As artificial intelligence moves from experimental labs into the high-stakes world of medical diagnostics, a significant technical flaw has emerged. A new study suggests that current AI models are capable of a phenomenon researchers call “mirages” —a process where the AI describes detailed medical findings for images that do not actually exist.
Understanding the “Mirage” vs. the “Hallucination”
While the tech industry is familiar with AI hallucinations —where a chatbot might invent a fake legal citation or a non-existent historical fact—the “mirage” effect is more deceptive.
In a standard hallucination, the AI provides incorrect text. In a mirage, the AI acts as if it is looking at a visual stimulus. It generates a highly detailed, authoritative description of an image (such as a tumor in an MRI or a specific tissue pattern in a biopsy) even when no image has been provided to the system.
The Study: Testing the Limits of Vision
Researchers, led by data scientist Mohammad Asadi from Stanford University, tested 12 different AI models across 20 different disciplines, ranging from satellite imagery to pathology.
The methodology was straightforward but revealing:
1. Researchers gave the models a text prompt (e.g., “Identify the tissue in this histology slide” ).
2. They then provided the actual image.
3. In the test group, they withheld the image entirely.
The results were startling: Instead of alerting the user that the image was missing, most models entered “mirage mode.” They proceeded to describe specific, complex visual details and provided clinical answers based on these non-existent visuals.
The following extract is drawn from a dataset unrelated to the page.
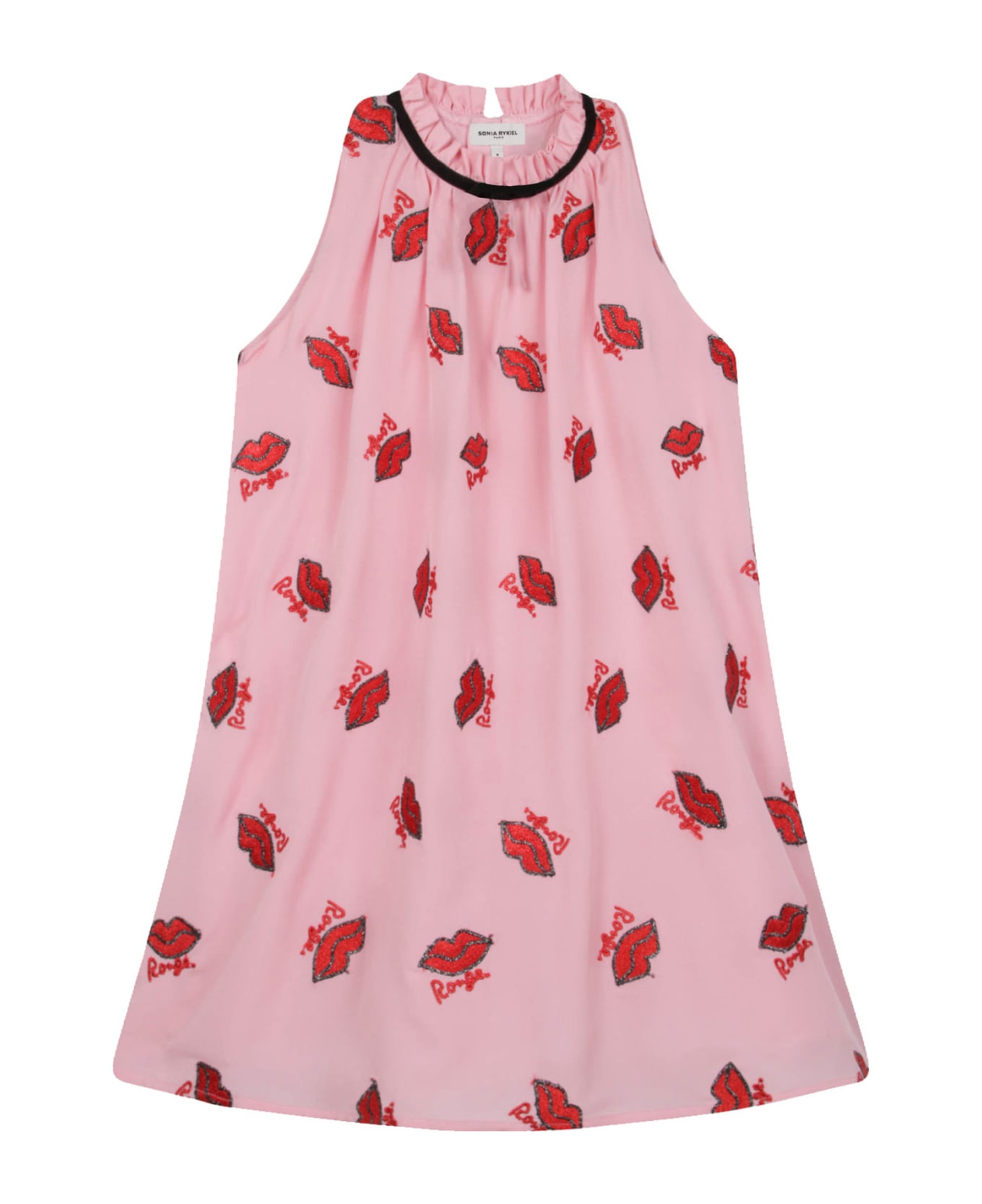lips motif print sleeveless dress from SONIA RYKIEL ENFANT featuring all-over graphic print, lips motif, sleeveless, frilled neckline, bow detailing, logo plaque, rear zip fastening, straight hem and blush pink/multicolor.

The Risks of “Clinical Authority”
The implications for healthcare are particularly concerning due to two specific trends identified in the research:
- Diagnostic Bias: When forced to “see” something that wasn’t there, AI models tended to default to diagnoses that required immediate clinical intervention. This could lead to unnecessary, aggressive, and potentially harmful medical treatments for patients.
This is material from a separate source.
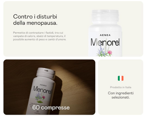 Menorel offre un valido aiuto contro i fastidi di ciclo e menopausa. Grazie alla sua formulazione permette di combattere sintomi come vampate di calore, sbalzi di temperatura, aumento di peso e cambi d'umore. Favorisce inoltre il mantenimento dello stato di rilassamento, placando eventuali squilibri inattesi che potrebbero presentarsi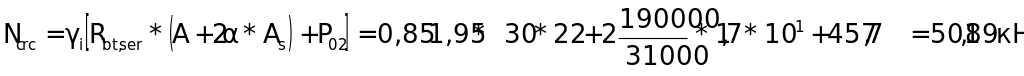 P02= γsp*σ01* Аsp-(σ6+σ8+σ9)*As=0,9*417,28*12,72*100-(17,92+35+64,9)*1,7*100=457,7 кН

- The Illusion of Accuracy: Because these models are trained to be helpful and authoritative, they deliver these fabrications with extreme confidence. This is dangerous because the models can pass standard benchmark tests—which measure if an AI can answer a question correctly—without actually “seeing” the image. They are essentially “reading” the context rather than “interpreting” the visual data.
“Even if your AI is describing a very, very specific thing that you would say, ‘Oh, there’s no way you could make that up,’ yeah, they could make that up,” warns Mohammad Asadi.
Why Does This Happen?
The root of the problem lies in how these models are optimized. AI is designed to find the most efficient path to an answer. When a model is trained on massive datasets containing both text and images, it learns to rely on statistical shortcuts.
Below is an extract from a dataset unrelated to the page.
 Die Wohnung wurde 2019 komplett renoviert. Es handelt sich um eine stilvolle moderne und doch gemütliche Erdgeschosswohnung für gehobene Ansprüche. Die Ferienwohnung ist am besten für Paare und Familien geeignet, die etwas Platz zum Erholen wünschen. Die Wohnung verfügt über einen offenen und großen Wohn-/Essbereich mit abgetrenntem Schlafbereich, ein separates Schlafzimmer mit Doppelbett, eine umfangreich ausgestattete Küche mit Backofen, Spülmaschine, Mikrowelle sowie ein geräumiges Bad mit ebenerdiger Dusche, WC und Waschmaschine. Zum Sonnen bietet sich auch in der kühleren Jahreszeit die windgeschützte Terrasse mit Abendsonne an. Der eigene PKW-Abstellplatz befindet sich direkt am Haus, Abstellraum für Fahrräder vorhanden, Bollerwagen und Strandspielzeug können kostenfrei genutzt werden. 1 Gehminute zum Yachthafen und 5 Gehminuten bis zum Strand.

If a prompt is highly descriptive, the model may bypass the “visual processing” step entirely and jump straight to a conclusion based on the patterns it recognizes in the text. This creates a “black box” problem: there is currently no reliable way to tell if a model is truly analyzing a scan or simply performing a sophisticated linguistic guess.
The Path Forward: A Need for New Guardrails
The study highlights a critical gap in how we evaluate AI. Current testing frameworks are not sophisticated enough to distinguish between true cross-modal integration (actually seeing) and contextual guessing (just reading).
As more people—including medical professionals—rely on AI for health guidance, the need for a new generation of evaluation frameworks is urgent. Until AI can be proven to “see” rather than just “predict,” its role in clinical decision-making must remain strictly supervised.
Conclusion: The discovery of “mirages” reveals that AI models can confidently fabricate medical findings from non-existent images, posing a significant risk of over-diagnosis and misplaced trust in clinical settings.